Dupree followed her into the spacious foyer. “The stench. I realized I’d be here for a few days. There was no sense despoiling the air and making my stay unpleasant. You know, I’ve thought a good deal about you since we parted company. I truly valued our acquaintance.”
“I understood you set a price on it.”
Dupree chuckled as he nudged her with the pistol in the direction of the large salon to the left of the foyer. “What a clever child you are. Yes, I couldn’t bear to part company without attempting to have you returned to me. Tell me, what was the name of the chit who escaped with you?”
Juliette didn’t answer.
“Loyalty. What a splendid virtue. But I shall findher, you know. She left a trinket behind with an excellent likeness.”
Juliette stiffened. “The locket?”
“I only recently discovered the miniature, but on my return I shall find good use for it.”
They entered the dining salon and Juliette paused just inside the door. She scarcely remembered this room. They had been there only a few months, and she had always been fed her meals upstairs in the nursery. The long, gleaming mahogany table was intricately carved in a floral design and the twenty mahogany chairs cushioned in crimson brocade. A handsome mahogany sideboard occupied one side of the room and a chest carved with the same artistry as the long table rested beside the two long doors opening onto the veranda.
“Isn’t it a splendid room?” Dupree nudged her toward the doors at the far end of the room. “I’ve spent many happy hours here.” He set the lantern on the table and threw open the doors. “Come. Let’s look at this magnificent view of the town.” He pulled her out to stand before the low stone balustrade and Juliette stared down the steep, stony hill at the lights of Andorra some two hundred feet below.
“Where is my mother?”
He smiled at her. “Don’t you hear her? I do. Listen.”

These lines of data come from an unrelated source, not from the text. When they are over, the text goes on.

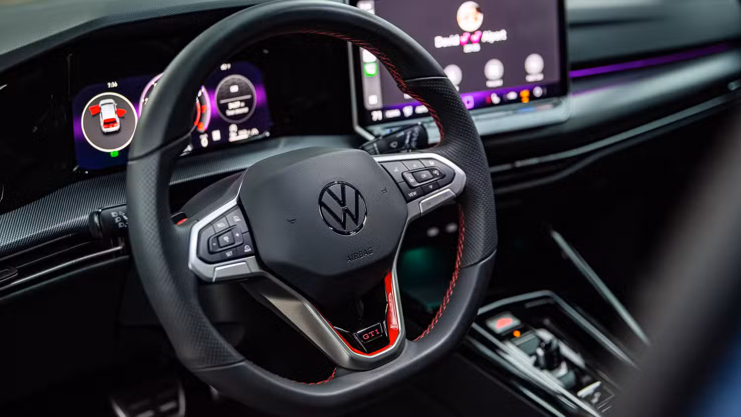 Volkswagen Tiguan SEL R-Line Turbo 2026 года. Экран информационно-развлекательной системы и рулевое колесо
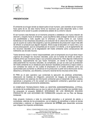 Este documento presenta el Plan de Manejo Ambiental del Complejo Tecnológico para la Gestión Agroempresarial. El plan tiene como objetivo principal crear conciencia ambiental en la comunidad educativa y desarrollar acciones para mitigar los impactos negativos en recursos como el suelo, agua y aire. El plan busca realizar un diagnóstico ambiental, establecer objetivos a corto y largo plazo, y generar alternativas para mejorar el desarrollo de las actividades de la institución de una manera más sosten
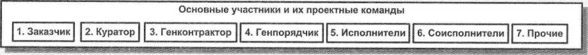 Основные участники проекта и их проектные команды — заказчик, куратор (спонсор), генеральный контрактор, субконтракторы, прочие.
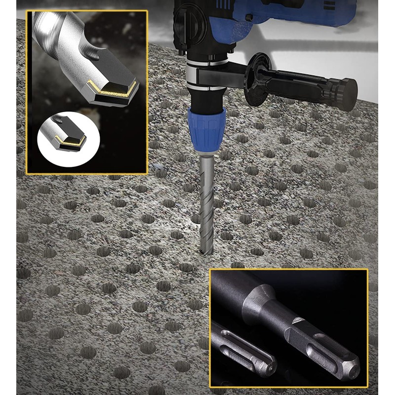 - SDS Drill Bit Shank Material: Premium 40CR Steel with Heat Treatment Improves Core Strength for Maximum Durability and Longer Cutting Life

She heard nothing but the rustle of the wind through the pine trees marching down the hill.
No, the rustle wasn’t coming from the trees but from the dining salon.
She slowly turned her head and looked back toward the French doors.

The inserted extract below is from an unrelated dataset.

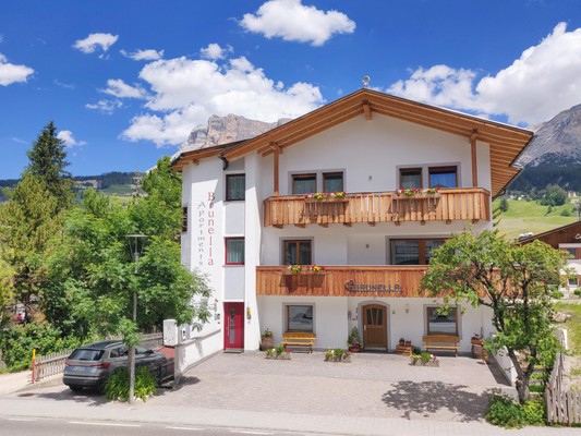 Spending your holidays in an apartment it makes possible to enjoy a break from everyday life, without, however, renouncing daily routines and habits, completely free. The apartments have various sizes and dispose of various bedrooms, satellite TV, WLAN, bathroom/shower, toilet, bidet, safe, kitchen unit with dishwasher as well as spacious balconies with mountain view to Heiligkreuzkofel, La Varella and Conturines on one side, and Gardenaccia and Sassongher on the other side. The upper floors are accessible by elevator and we dispose of a ski shoe warmer, a bike deposit, a charging station for electric vehicles, a washing machine and a private car parking, too.

“Yes,” Dupree said softly. “She’s waiting for you.” His hand closed on her arm and he pushed her back toward the dining salon, stopping inside the doors. “Now, let your ears guide you.”
The rustle came again, louder, closer.
From the elaborately carved chest to the left of the veranda doors.
The mahogany chest measured five feet long byfour feet high and gleamed with dark beauty in the flickering light of the candle.
The rustle came again, like autumn leaves blown by the wind.
“Open it.” Dupree’s eyes fixed eagerly on her face. “She’s waiting.”
Juliette swallowed and moved leadenly to stand before the chest.
The rustle came again.
Dupree motioned with the pistol.
She slowly reached down and raised the lid.
She screamed.
She slammed the lid down.
“What the—” Dupree’s strangled shout behind her jarred her out of the stupor of horror into which she had been hurled by what she had just seen. She whirled as Jean Marc, his arm around Dupree’s neck, dragged the man through the open doorway out onto the veranda.
Dupree’s eyes bulged from his head as he attempted to get his breath. He tried to lift the pistol, but Jean Marc’s hand tightened around him and then jerked the pistol from his hand as he dragged him toward the stone balustrade.
Dupree turned his head and glared at Jean Marc. “I’ve seen you before at the convention. You’re Andreas. I’ll remember you. I won’t forget—”
“Remember me in hell.” Jean Marc pressed the gun to Dupree’s side and pulled the trigger.